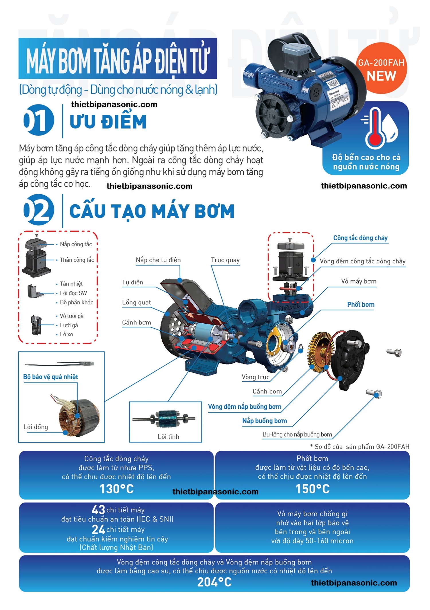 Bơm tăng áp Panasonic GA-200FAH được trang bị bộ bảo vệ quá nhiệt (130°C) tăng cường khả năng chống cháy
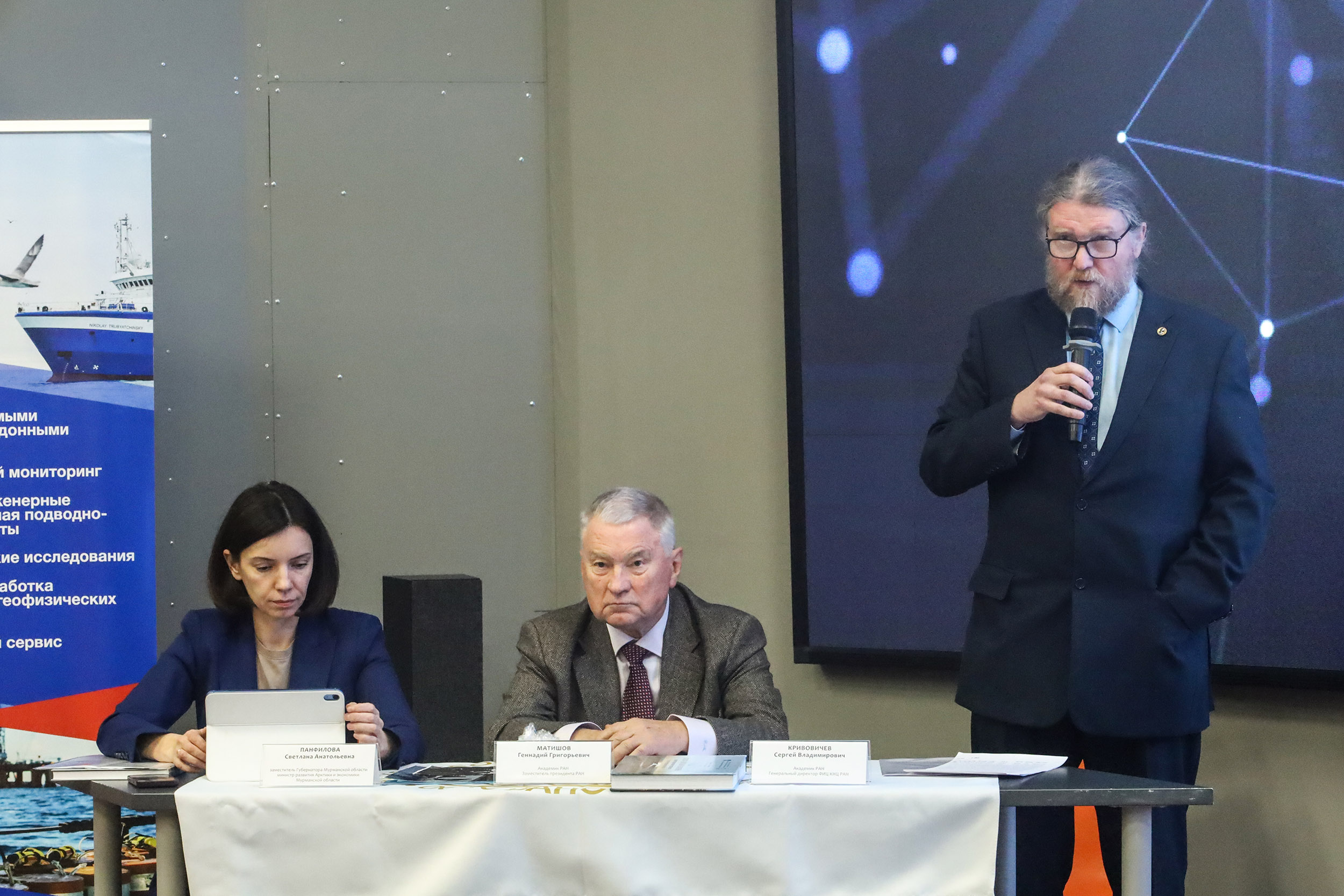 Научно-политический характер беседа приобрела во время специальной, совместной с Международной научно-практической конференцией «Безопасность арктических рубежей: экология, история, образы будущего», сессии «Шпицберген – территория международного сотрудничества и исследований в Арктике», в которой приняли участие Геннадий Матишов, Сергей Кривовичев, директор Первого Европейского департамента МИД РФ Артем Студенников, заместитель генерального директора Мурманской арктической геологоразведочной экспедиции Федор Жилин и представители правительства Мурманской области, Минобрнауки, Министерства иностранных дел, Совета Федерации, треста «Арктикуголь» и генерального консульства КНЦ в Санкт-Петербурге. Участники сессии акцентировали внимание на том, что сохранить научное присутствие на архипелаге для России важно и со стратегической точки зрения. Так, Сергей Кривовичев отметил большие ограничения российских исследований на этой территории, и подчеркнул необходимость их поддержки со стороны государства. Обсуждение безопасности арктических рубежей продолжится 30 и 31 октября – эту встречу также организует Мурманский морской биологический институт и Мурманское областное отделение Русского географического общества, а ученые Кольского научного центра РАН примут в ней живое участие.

--

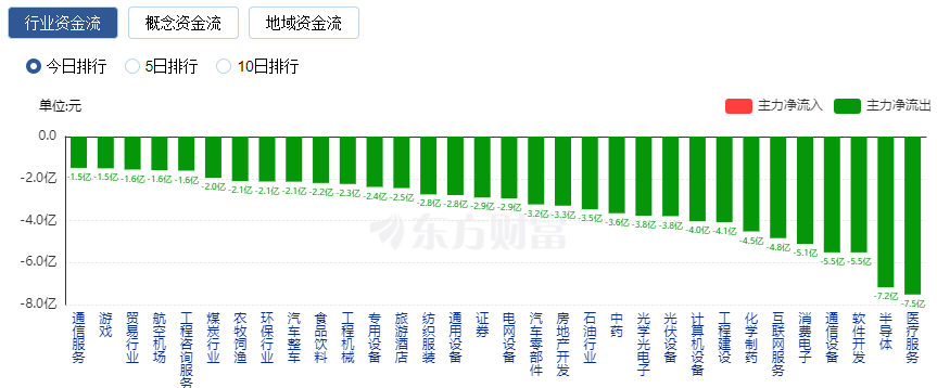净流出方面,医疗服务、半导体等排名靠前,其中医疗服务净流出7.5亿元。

WHAT THE EXERCISE ASKS >> Starting at the line above with "Bơm tăng áp", output every line exactly up to and including the line with "Научно-политический характер беседа", but none of the pictures.

ANSWER BOX >>
 Bơm tăng áp Panasonic GA-200FAH được trang bị bộ bảo vệ quá nhiệt (130°C) tăng cường khả năng chống cháy
 Научно-политический характер беседа приобрела во время специальной, совместной с Международной научно-практической конференцией «Безопасность арктических рубежей: экология, история, образы будущего», сессии «Шпицберген – территория международного сотрудничества и исследований в Арктике», в которой приняли участие Геннадий Матишов, Сергей Кривовичев, директор Первого Европейского департамента МИД РФ Артем Студенников, заместитель генерального директора Мурманской арктической геологоразведочной экспедиции Федор Жилин и представители правительства Мурманской области, Минобрнауки, Министерства иностранных дел, Совета Федерации, треста «Арктикуголь» и генерального консульства КНЦ в Санкт-Петербурге. Участники сессии акцентировали внимание на том, что сохранить научное присутствие на архипелаге для России важно и со стратегической точки зрения. Так, Сергей Кривовичев отметил большие ограничения российских исследований на этой территории, и подчеркнул необходимость их поддержки со стороны государства. Обсуждение безопасности арктических рубежей продолжится 30 и 31 октября – эту встречу также организует Мурманский морской биологический институт и Мурманское областное отделение Русского географического общества, а ученые Кольского научного центра РАН примут в ней живое участие.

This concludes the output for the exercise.